Where the data below begins, start retyping exactly, and end on the line with "Regolazione verticale 18 mm.", which is included; no picture goes in.

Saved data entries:
________________________
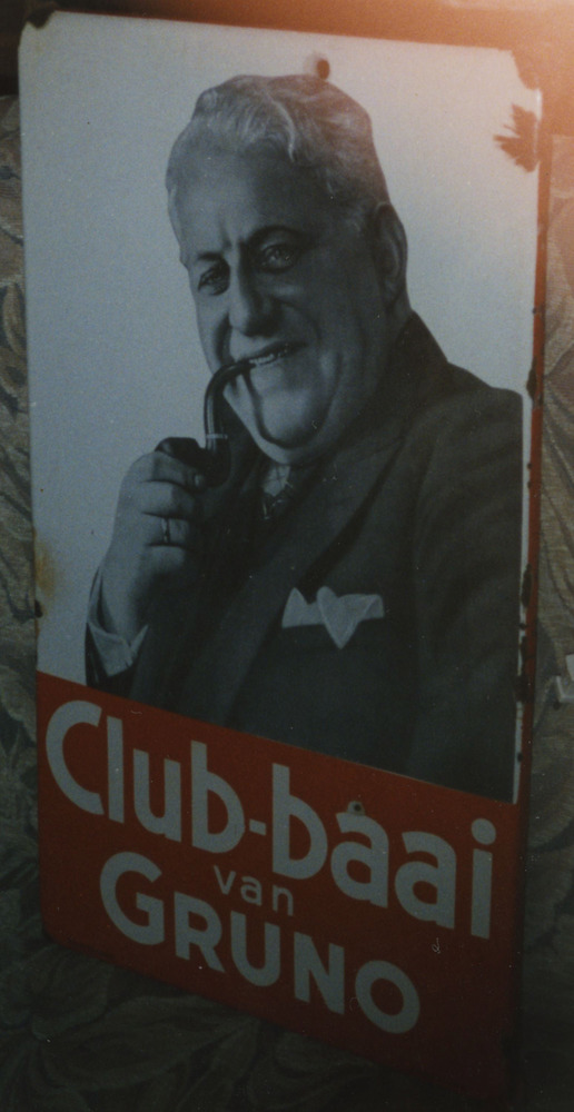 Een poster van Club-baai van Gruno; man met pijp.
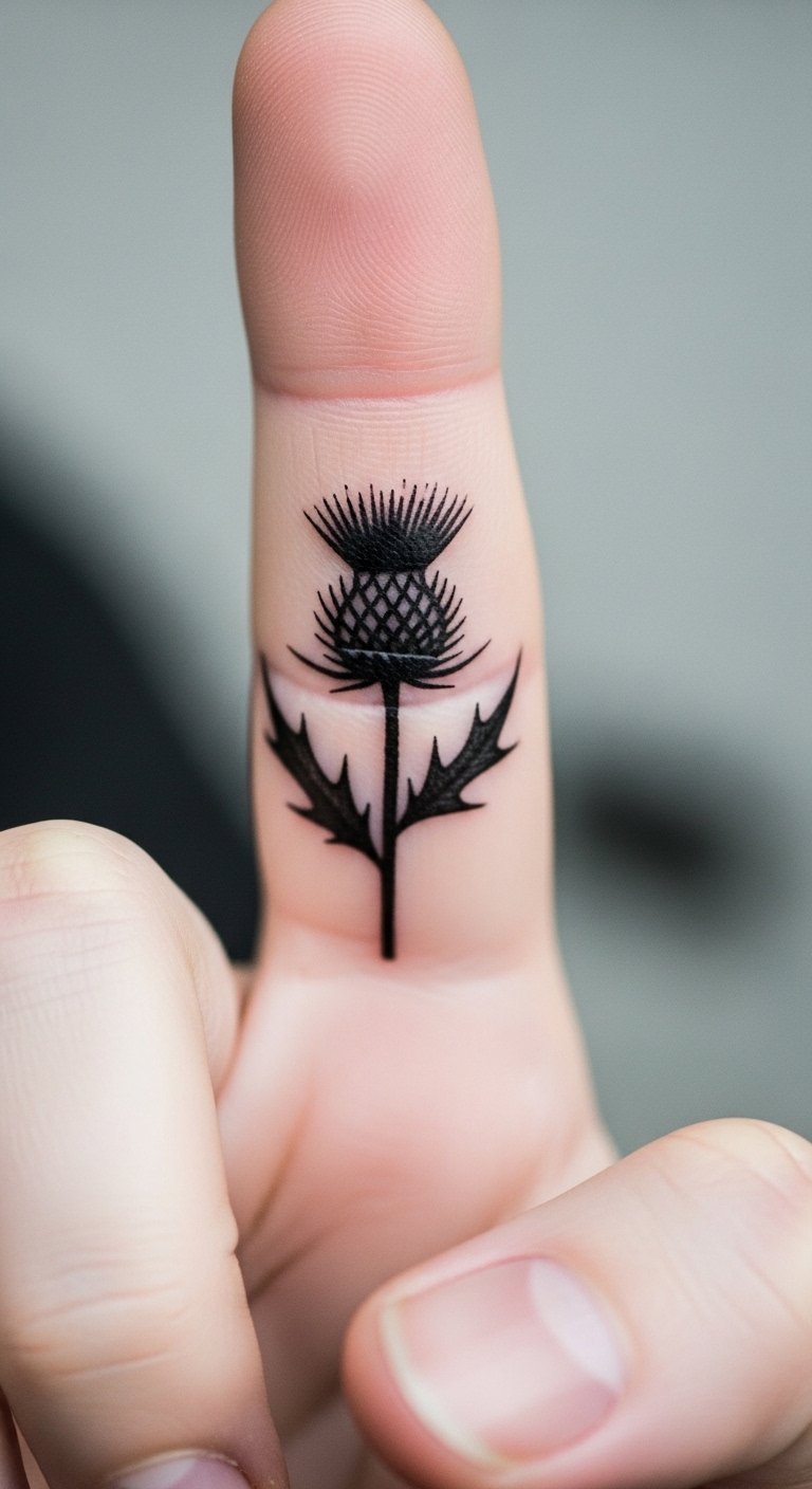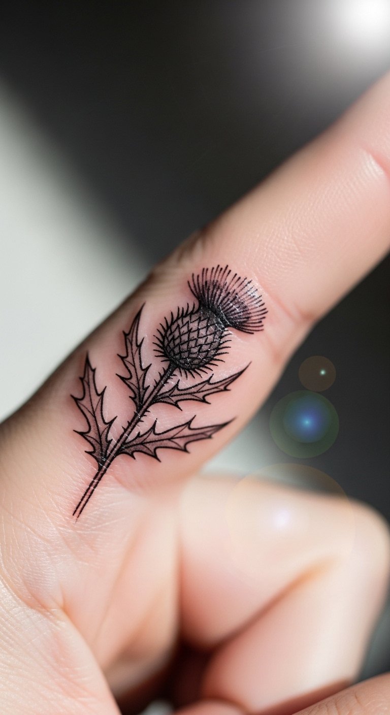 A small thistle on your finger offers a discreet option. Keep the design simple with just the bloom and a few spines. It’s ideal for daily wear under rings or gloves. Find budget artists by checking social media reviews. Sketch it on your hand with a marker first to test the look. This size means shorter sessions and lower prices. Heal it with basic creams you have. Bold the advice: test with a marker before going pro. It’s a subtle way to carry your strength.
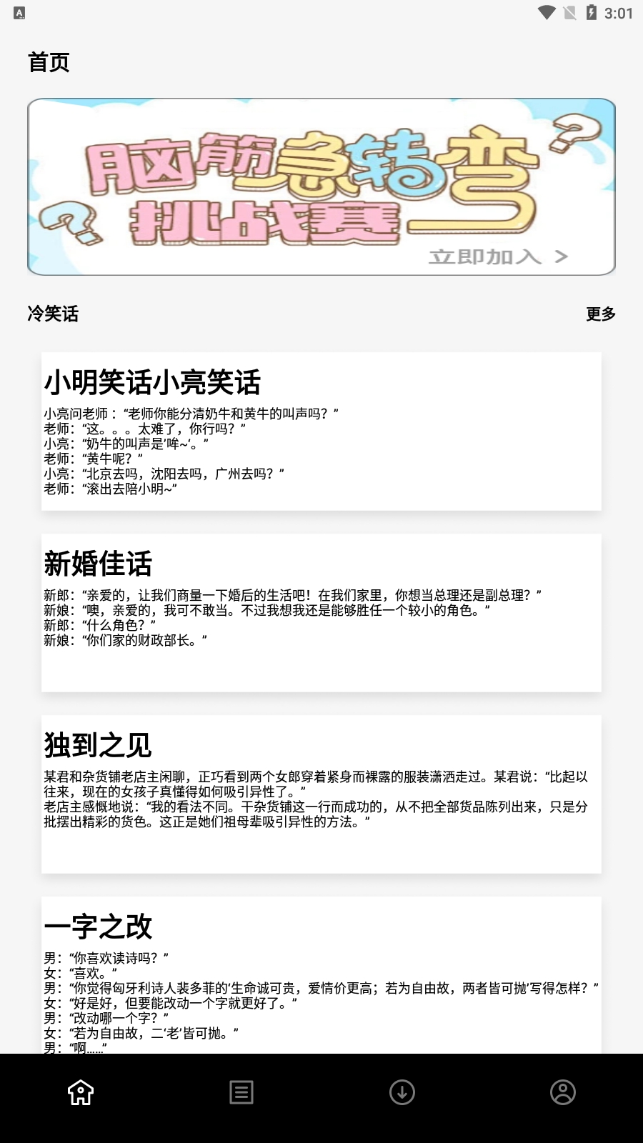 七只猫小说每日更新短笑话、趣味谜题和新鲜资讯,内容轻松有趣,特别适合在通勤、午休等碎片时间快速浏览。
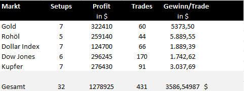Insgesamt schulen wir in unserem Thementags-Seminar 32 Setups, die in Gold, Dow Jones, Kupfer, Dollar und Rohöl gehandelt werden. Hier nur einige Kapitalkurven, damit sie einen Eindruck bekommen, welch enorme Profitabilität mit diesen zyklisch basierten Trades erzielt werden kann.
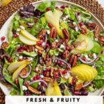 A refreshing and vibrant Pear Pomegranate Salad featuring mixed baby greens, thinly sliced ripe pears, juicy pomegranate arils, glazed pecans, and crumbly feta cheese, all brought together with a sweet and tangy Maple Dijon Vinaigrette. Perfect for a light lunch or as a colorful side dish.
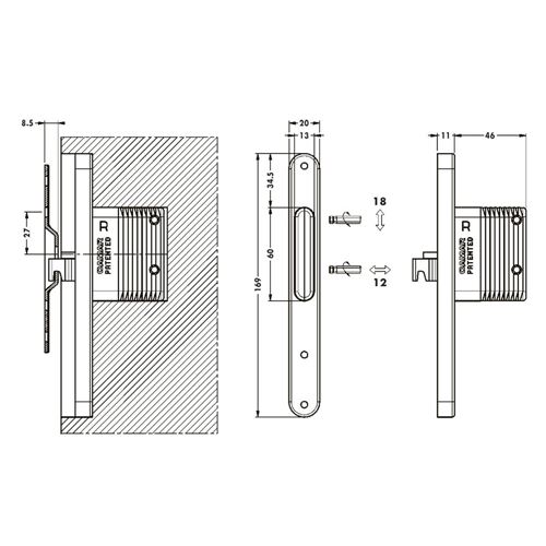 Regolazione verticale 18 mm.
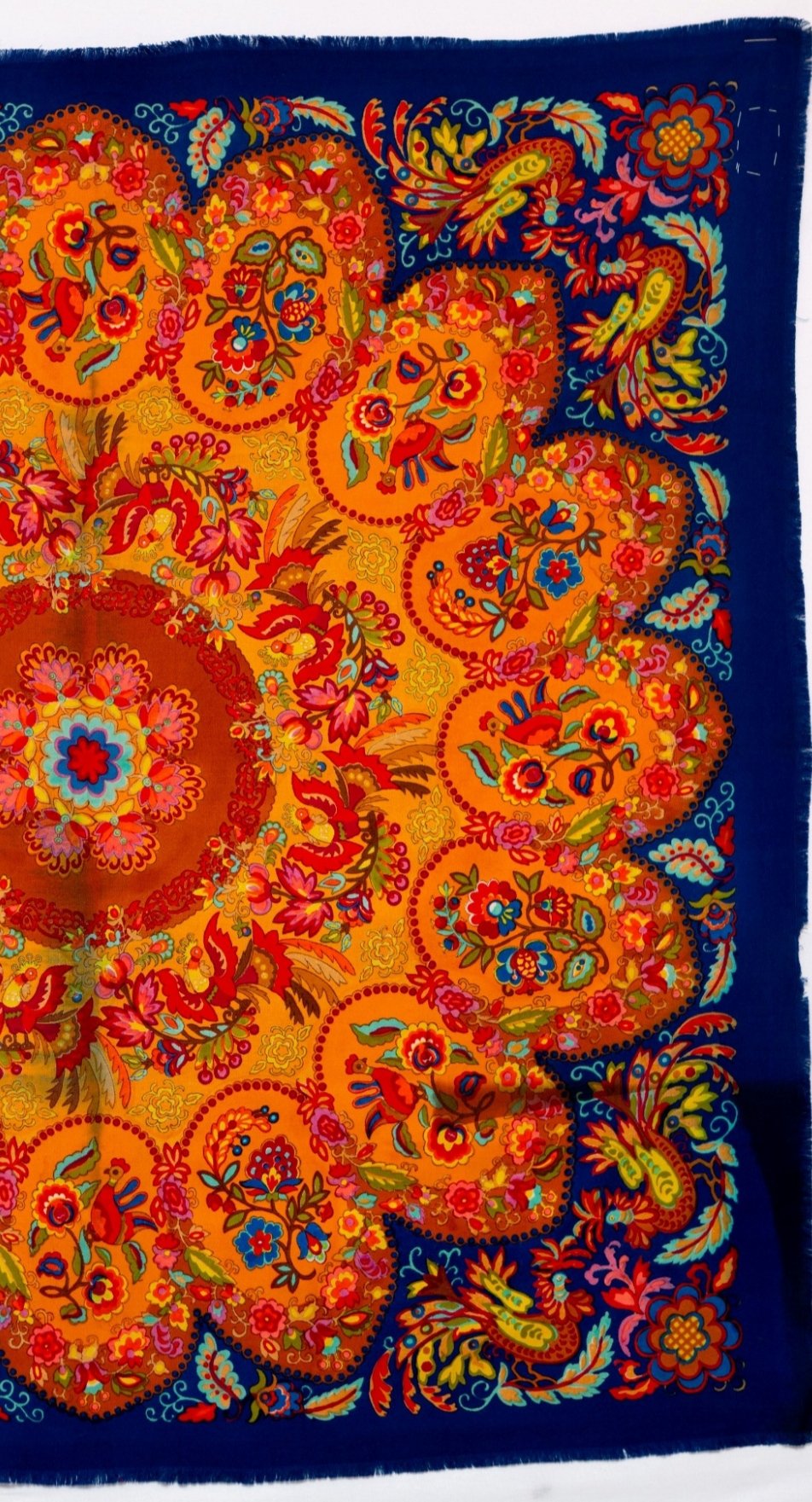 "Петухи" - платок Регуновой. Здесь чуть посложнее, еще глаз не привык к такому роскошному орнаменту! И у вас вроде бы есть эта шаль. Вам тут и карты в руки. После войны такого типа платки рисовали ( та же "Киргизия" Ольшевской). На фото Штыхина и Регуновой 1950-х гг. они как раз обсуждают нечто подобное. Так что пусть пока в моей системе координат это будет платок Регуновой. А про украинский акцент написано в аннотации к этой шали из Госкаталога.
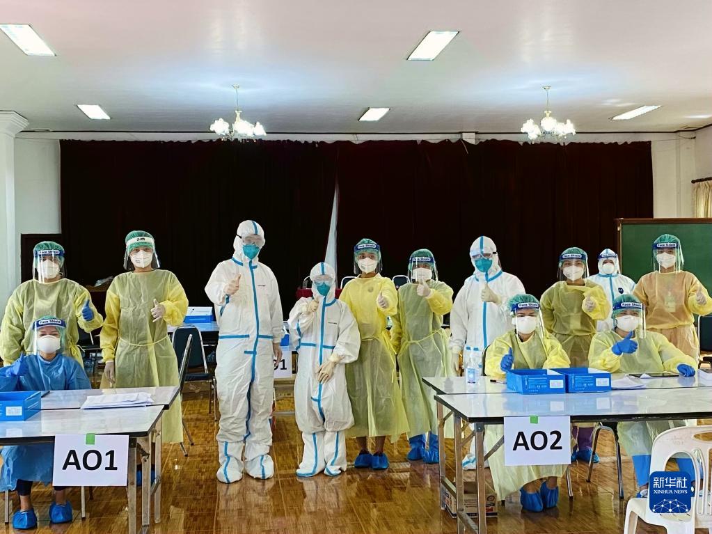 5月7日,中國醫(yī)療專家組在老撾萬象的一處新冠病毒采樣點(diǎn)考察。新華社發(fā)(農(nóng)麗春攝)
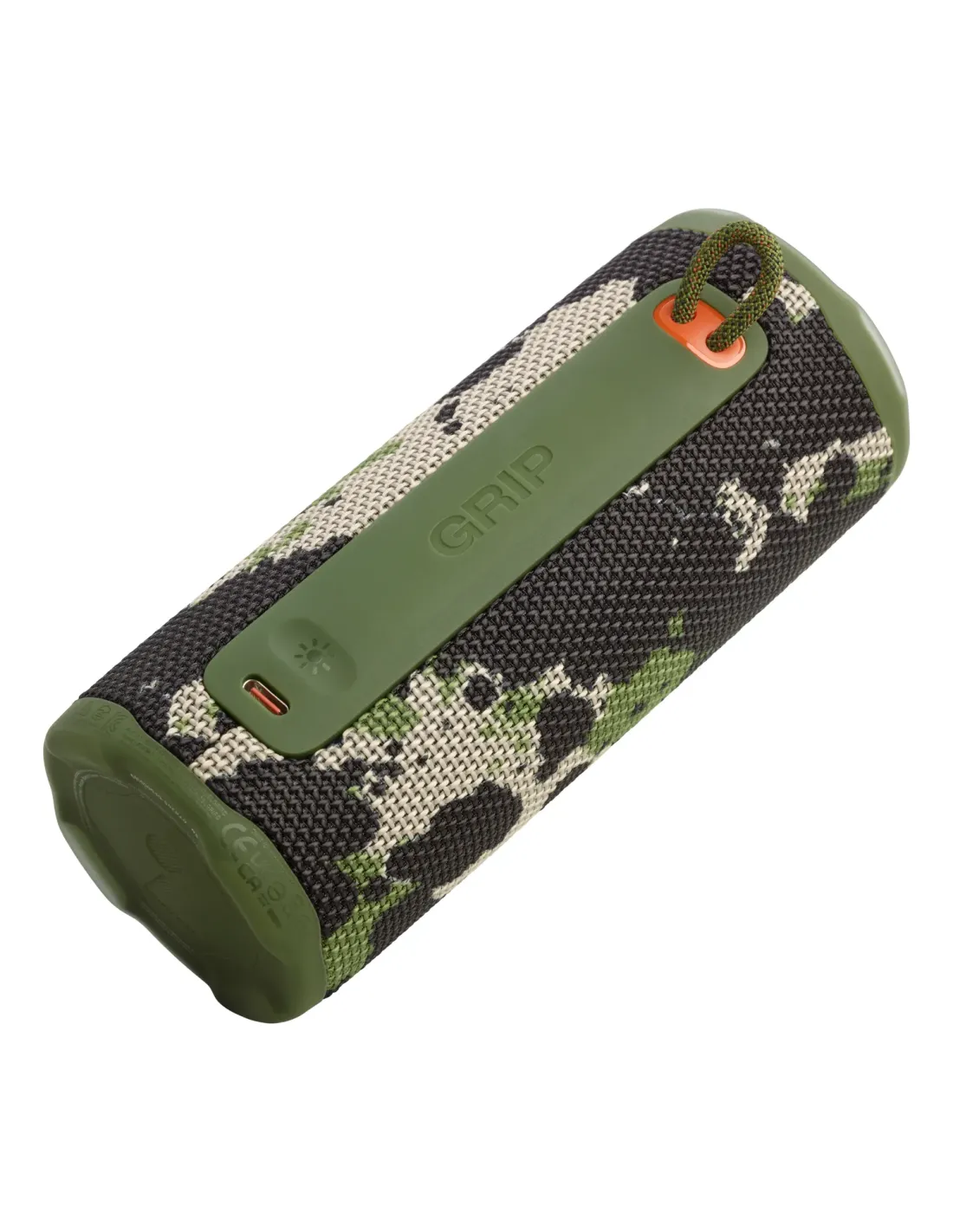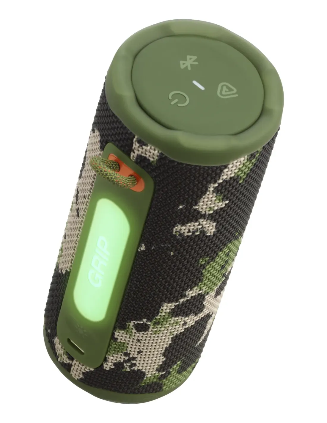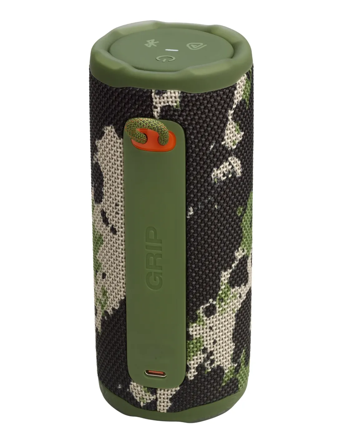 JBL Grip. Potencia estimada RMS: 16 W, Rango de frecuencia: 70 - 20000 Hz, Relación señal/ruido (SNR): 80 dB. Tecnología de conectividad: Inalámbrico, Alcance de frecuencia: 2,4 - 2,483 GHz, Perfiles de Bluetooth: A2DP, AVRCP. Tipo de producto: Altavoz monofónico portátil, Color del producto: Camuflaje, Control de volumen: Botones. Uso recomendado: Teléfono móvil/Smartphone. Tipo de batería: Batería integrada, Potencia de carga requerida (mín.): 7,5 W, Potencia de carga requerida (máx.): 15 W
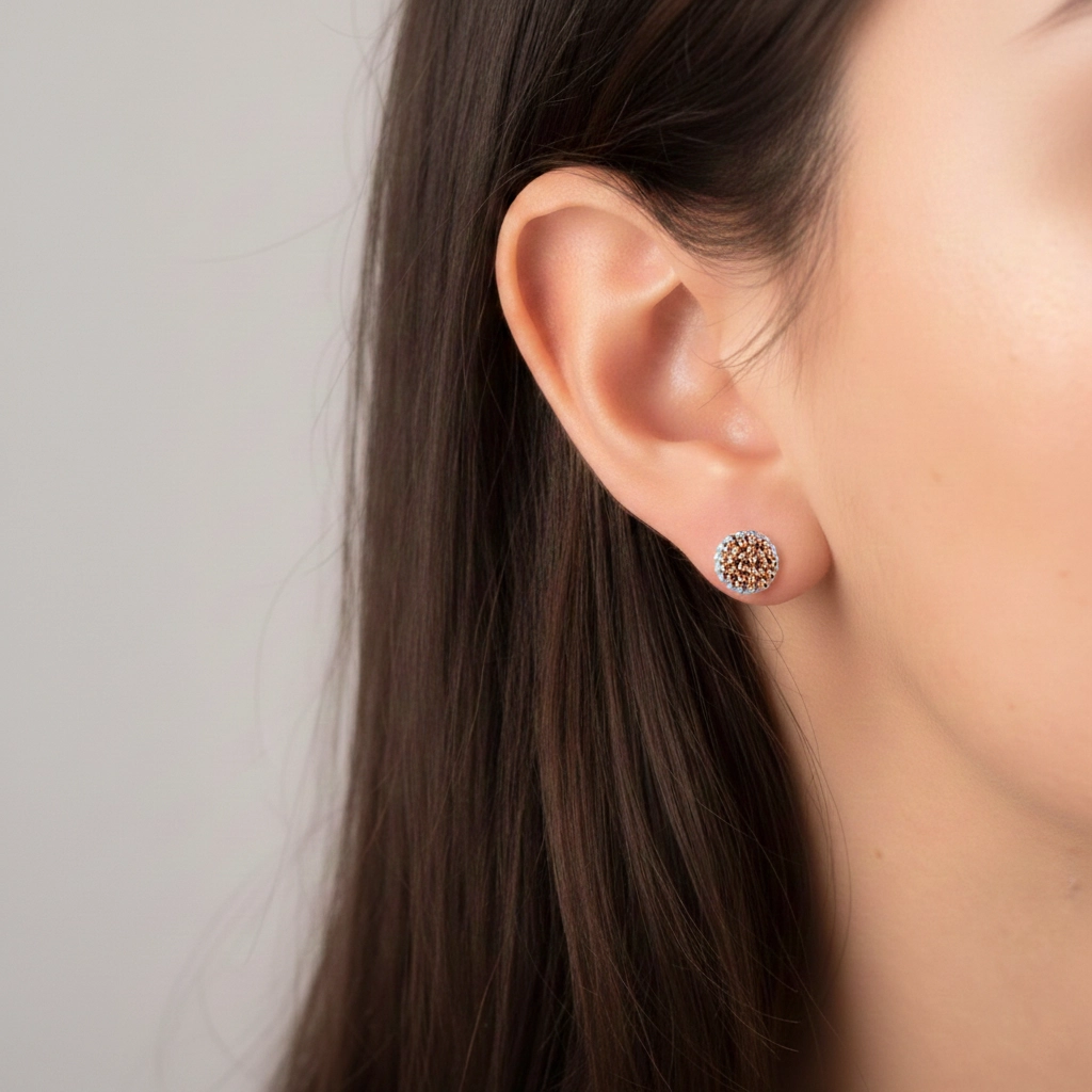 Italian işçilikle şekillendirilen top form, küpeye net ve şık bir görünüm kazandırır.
________________________
▶ [Problem solution]
 Een poster van Club-baai van Gruno; man met pijp.
 A small thistle on your finger offers a discreet option. Keep the design simple with just the bloom and a few spines. It’s ideal for daily wear under rings or gloves. Find budget artists by checking social media reviews. Sketch it on your hand with a marker first to test the look. This size means shorter sessions and lower prices. Heal it with basic creams you have. Bold the advice: test with a marker before going pro. It’s a subtle way to carry your strength.
 七只猫小说每日更新短笑话、趣味谜题和新鲜资讯,内容轻松有趣,特别适合在通勤、午休等碎片时间快速浏览。
Insgesamt schulen wir in unserem Thementags-Seminar 32 Setups, die in Gold, Dow Jones, Kupfer, Dollar und Rohöl gehandelt werden. Hier nur einige Kapitalkurven, damit sie einen Eindruck bekommen, welch enorme Profitabilität mit diesen zyklisch basierten Trades erzielt werden kann.
 A refreshing and vibrant Pear Pomegranate Salad featuring mixed baby greens, thinly sliced ripe pears, juicy pomegranate arils, glazed pecans, and crumbly feta cheese, all brought together with a sweet and tangy Maple Dijon Vinaigrette. Perfect for a light lunch or as a colorful side dish.
 Regolazione verticale 18 mm.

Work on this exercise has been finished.